#### [Work item]
Quote exactly and only this range of lines in the data below: the line that holds "Fibre+ by Switch" to the line that holds "街道上每块砖瓦青砖都承载着历", both included.

---- Data records

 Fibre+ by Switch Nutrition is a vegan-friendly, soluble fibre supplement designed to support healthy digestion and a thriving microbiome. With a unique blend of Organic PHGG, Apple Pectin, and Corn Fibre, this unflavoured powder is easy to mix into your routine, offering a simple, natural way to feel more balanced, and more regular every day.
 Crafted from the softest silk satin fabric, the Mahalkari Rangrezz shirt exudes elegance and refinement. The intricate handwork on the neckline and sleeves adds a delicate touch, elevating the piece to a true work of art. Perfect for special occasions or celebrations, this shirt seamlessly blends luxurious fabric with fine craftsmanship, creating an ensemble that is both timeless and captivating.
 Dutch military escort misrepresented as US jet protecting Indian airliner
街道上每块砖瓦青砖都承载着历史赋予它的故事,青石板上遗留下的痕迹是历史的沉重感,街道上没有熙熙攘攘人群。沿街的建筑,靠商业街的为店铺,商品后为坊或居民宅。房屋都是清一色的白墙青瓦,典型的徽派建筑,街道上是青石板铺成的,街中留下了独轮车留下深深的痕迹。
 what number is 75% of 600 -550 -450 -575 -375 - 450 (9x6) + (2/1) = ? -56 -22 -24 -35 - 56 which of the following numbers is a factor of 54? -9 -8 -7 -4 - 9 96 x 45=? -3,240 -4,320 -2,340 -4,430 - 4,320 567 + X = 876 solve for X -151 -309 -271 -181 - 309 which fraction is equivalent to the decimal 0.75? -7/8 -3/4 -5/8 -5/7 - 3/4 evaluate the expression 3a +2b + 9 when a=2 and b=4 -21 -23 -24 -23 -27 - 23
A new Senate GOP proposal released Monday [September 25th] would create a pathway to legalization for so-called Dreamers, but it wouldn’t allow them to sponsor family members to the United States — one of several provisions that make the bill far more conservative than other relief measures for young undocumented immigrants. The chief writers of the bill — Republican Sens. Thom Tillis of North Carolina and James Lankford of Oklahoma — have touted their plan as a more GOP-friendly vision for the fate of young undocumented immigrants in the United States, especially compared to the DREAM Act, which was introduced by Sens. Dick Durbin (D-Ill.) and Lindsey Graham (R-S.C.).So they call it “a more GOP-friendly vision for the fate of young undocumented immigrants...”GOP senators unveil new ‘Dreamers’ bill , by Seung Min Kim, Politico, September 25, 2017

--------
---- Data records

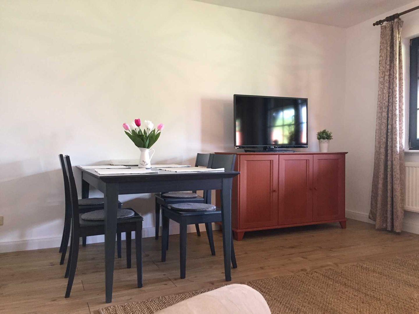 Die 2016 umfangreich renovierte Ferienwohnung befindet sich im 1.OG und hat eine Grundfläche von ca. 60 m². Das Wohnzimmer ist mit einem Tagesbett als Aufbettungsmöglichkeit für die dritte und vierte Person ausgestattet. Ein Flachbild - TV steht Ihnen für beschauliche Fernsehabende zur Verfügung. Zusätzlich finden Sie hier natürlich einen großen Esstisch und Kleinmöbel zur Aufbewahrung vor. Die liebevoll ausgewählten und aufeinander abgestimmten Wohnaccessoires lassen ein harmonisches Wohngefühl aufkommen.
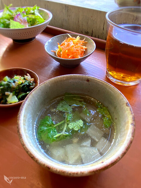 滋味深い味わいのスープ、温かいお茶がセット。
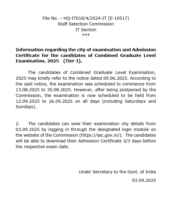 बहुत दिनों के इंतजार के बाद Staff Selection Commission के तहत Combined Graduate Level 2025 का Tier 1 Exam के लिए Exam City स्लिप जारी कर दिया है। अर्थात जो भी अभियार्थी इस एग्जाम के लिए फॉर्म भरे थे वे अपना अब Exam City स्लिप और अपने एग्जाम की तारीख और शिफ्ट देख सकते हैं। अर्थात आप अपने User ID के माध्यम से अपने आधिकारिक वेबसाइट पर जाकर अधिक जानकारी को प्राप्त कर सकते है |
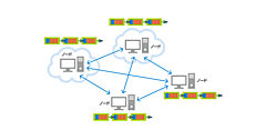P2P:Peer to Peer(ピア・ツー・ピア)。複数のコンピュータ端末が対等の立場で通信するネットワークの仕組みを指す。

--------
---- Data records

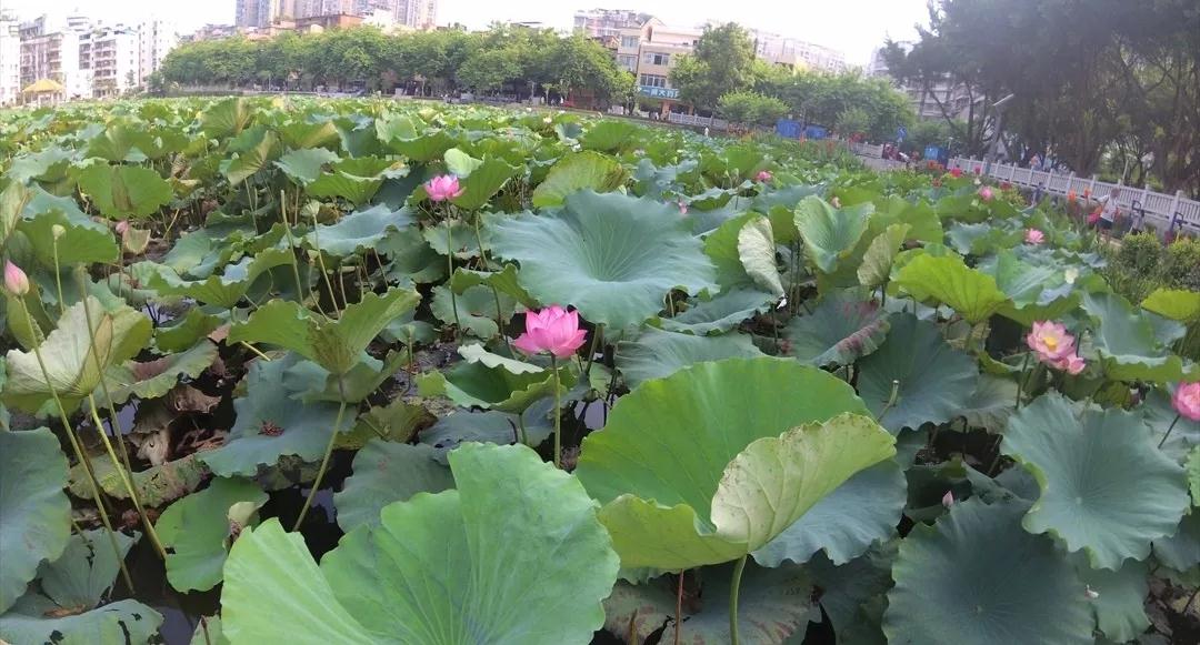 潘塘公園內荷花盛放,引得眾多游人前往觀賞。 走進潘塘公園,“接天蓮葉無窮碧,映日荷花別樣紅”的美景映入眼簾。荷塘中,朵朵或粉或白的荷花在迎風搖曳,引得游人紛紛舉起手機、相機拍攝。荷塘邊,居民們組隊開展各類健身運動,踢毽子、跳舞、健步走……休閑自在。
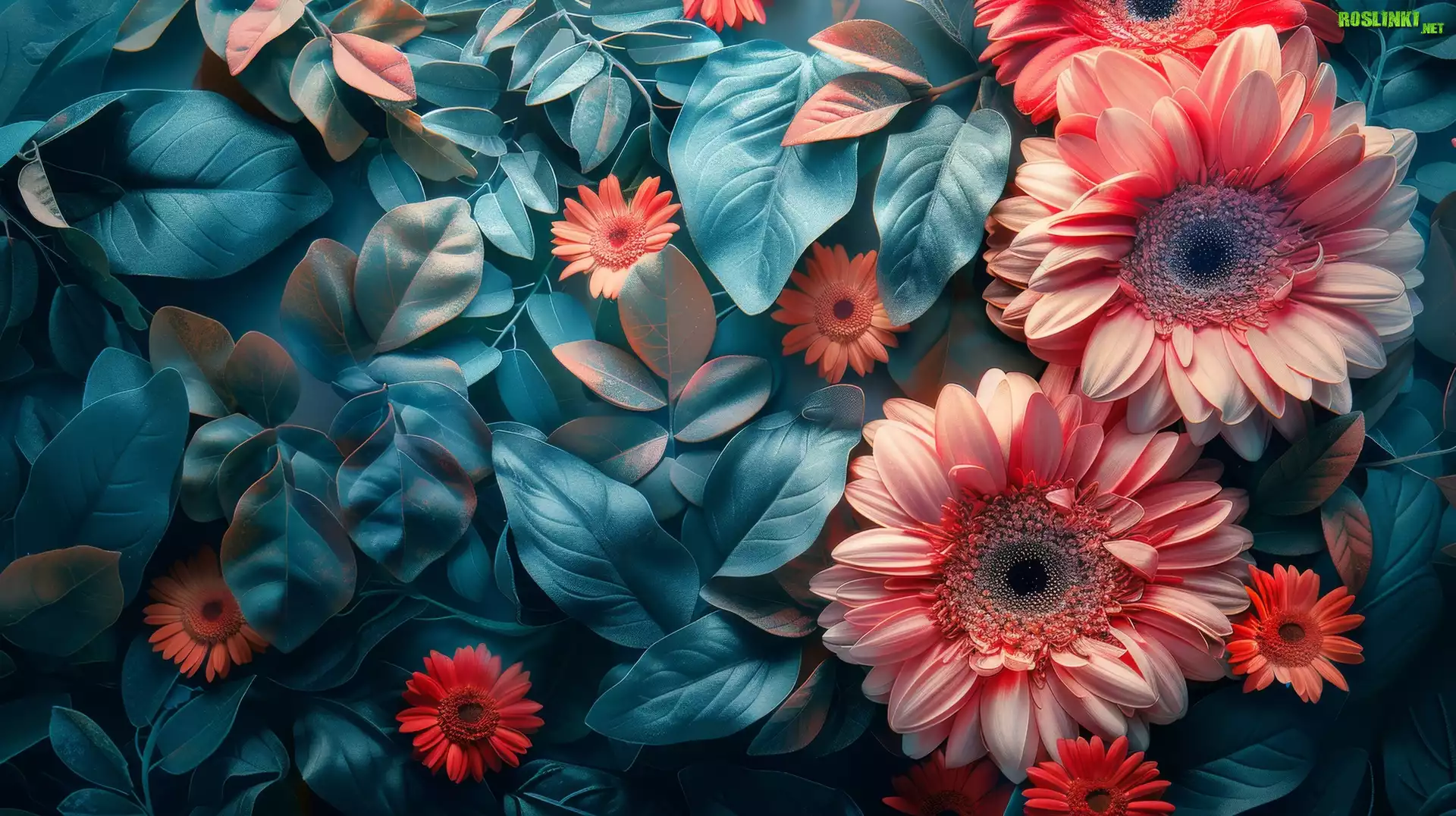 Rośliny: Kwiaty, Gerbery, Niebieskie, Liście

--------

#### [Reply to the task]
 Fibre+ by Switch Nutrition is a vegan-friendly, soluble fibre supplement designed to support healthy digestion and a thriving microbiome. With a unique blend of Organic PHGG, Apple Pectin, and Corn Fibre, this unflavoured powder is easy to mix into your routine, offering a simple, natural way to feel more balanced, and more regular every day.
 Crafted from the softest silk satin fabric, the Mahalkari Rangrezz shirt exudes elegance and refinement. The intricate handwork on the neckline and sleeves adds a delicate touch, elevating the piece to a true work of art. Perfect for special occasions or celebrations, this shirt seamlessly blends luxurious fabric with fine craftsmanship, creating an ensemble that is both timeless and captivating.
 Dutch military escort misrepresented as US jet protecting Indian airliner
街道上每块砖瓦青砖都承载着历史赋予它的故事,青石板上遗留下的痕迹是历史的沉重感,街道上没有熙熙攘攘人群。沿街的建筑,靠商业街的为店铺,商品后为坊或居民宅。房屋都是清一色的白墙青瓦,典型的徽派建筑,街道上是青石板铺成的,街中留下了独轮车留下深深的痕迹。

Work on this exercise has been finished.